PROBLEM TO WORK ON: Print exactly the lines of the listing below from the one containing "Mochila de color" through the final line, both included, and no pictures.
*** SUPPLIED MATERIAL
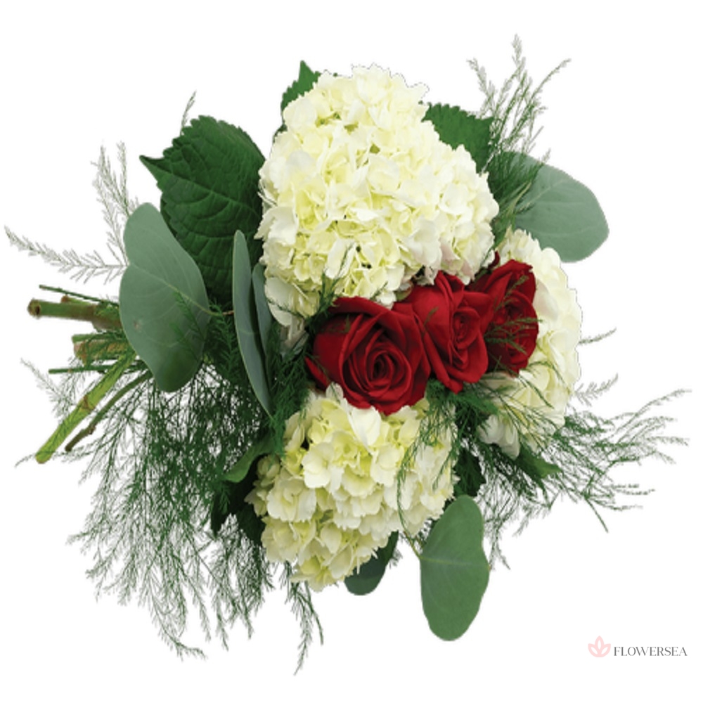 Букет з 3 гілок ніжних і неординарних гортензій, 6 троянд кольору любові, пристрасті, поваги і подяки, декоративної зелені і рафії.
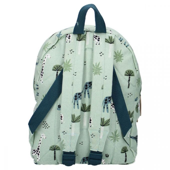 Mochila de color verde con un dulce estampado de jirafas. Es perfecta para que tu peque vaya al colegio, de excursión o de visita a casa de los abuelos. La mochila tiene un espacioso compartimento principal donde se puede guardar el material escolar, un lunch box y una botella de agua. Dispone de bolsillo exterior, las correas del hombro son ajustables y puedes colgarla fácilmente por el asa superior.
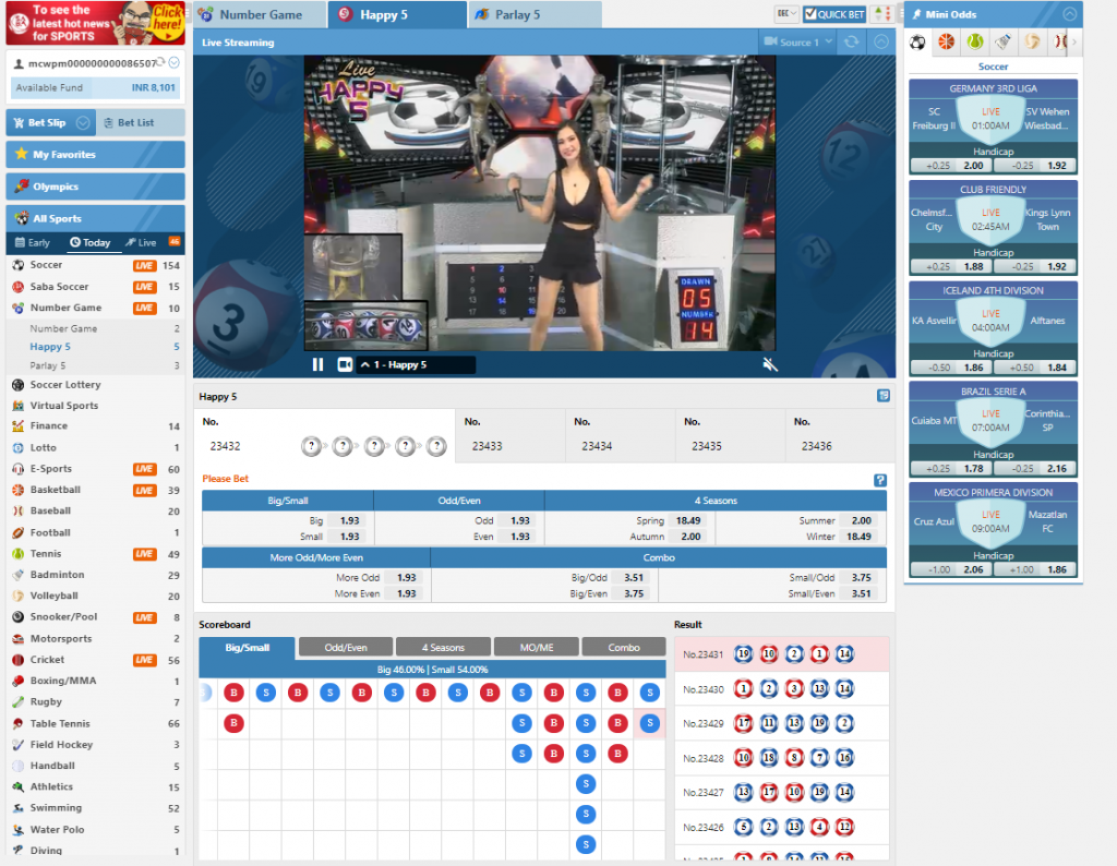 • More Odd/More Even – From the 5 numbered balls drawn, if more than three of these numbers are odd numbers, bets on Odds win. If more than three of these numbers are even numbers, bets on Evens win.
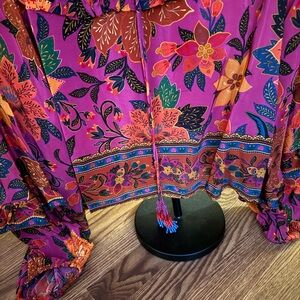 Vibrant blouse with floral patterns. Features ruffled neckline and long sleeves. Perfect for adding color to your outfit. This has a layer underneath and beaded tassels.
******
RESULT:
 Mochila de color verde con un dulce estampado de jirafas. Es perfecta para que tu peque vaya al colegio, de excursión o de visita a casa de los abuelos. La mochila tiene un espacioso compartimento principal donde se puede guardar el material escolar, un lunch box y una botella de agua. Dispone de bolsillo exterior, las correas del hombro son ajustables y puedes colgarla fácilmente por el asa superior.
 • More Odd/More Even – From the 5 numbered balls drawn, if more than three of these numbers are odd numbers, bets on Odds win. If more than three of these numbers are even numbers, bets on Evens win.
 Vibrant blouse with floral patterns. Features ruffled neckline and long sleeves. Perfect for adding color to your outfit. This has a layer underneath and beaded tassels.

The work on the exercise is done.